**** DATA EXTRACT
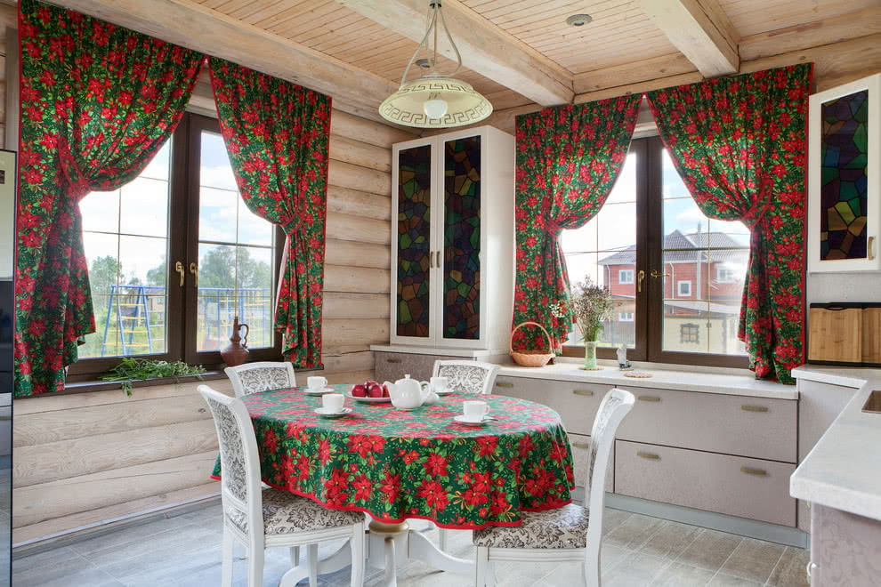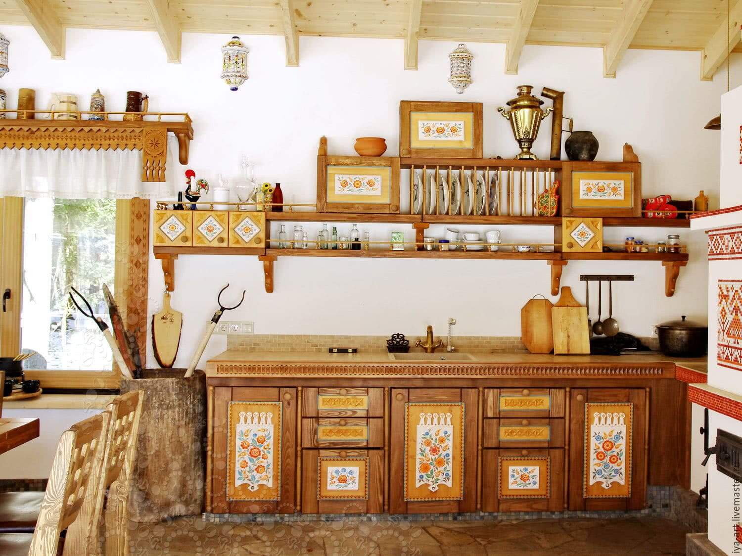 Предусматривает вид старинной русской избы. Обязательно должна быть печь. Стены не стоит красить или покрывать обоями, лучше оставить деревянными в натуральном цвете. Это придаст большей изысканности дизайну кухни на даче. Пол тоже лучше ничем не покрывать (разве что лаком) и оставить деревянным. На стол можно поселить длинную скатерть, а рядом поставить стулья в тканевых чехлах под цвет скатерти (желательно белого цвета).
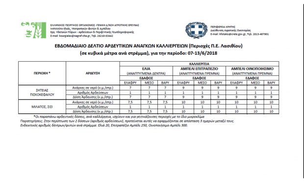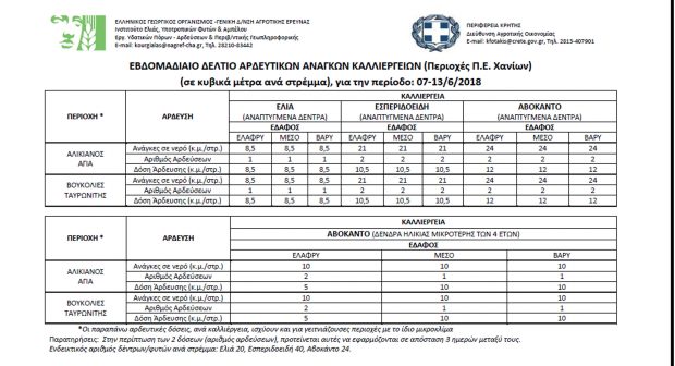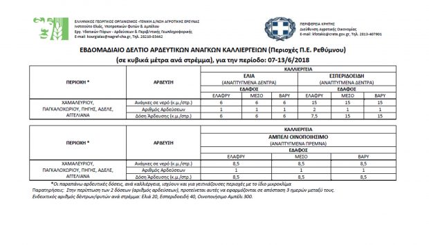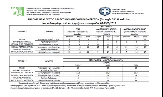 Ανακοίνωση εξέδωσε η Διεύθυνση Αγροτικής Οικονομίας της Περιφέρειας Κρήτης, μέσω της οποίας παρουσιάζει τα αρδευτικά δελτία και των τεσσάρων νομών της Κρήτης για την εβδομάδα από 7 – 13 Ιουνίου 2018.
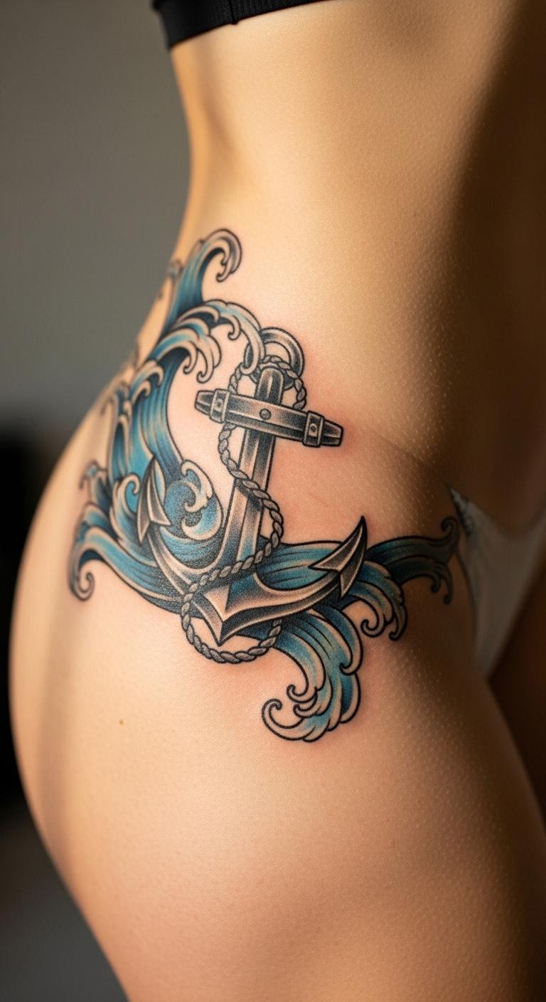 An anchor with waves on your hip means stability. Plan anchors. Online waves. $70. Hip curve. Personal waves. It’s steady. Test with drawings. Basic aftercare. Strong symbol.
********
• [WHAT IS BEING ASKED]: Could you print the whole listing again, exactly, leaving the pictures out?

• [ANSWER FOR THIS EXERCISE]:
 Предусматривает вид старинной русской избы. Обязательно должна быть печь. Стены не стоит красить или покрывать обоями, лучше оставить деревянными в натуральном цвете. Это придаст большей изысканности дизайну кухни на даче. Пол тоже лучше ничем не покрывать (разве что лаком) и оставить деревянным. На стол можно поселить длинную скатерть, а рядом поставить стулья в тканевых чехлах под цвет скатерти (желательно белого цвета).
 Ανακοίνωση εξέδωσε η Διεύθυνση Αγροτικής Οικονομίας της Περιφέρειας Κρήτης, μέσω της οποίας παρουσιάζει τα αρδευτικά δελτία και των τεσσάρων νομών της Κρήτης για την εβδομάδα από 7 – 13 Ιουνίου 2018.
 An anchor with waves on your hip means stability. Plan anchors. Online waves. $70. Hip curve. Personal waves. It’s steady. Test with drawings. Basic aftercare. Strong symbol.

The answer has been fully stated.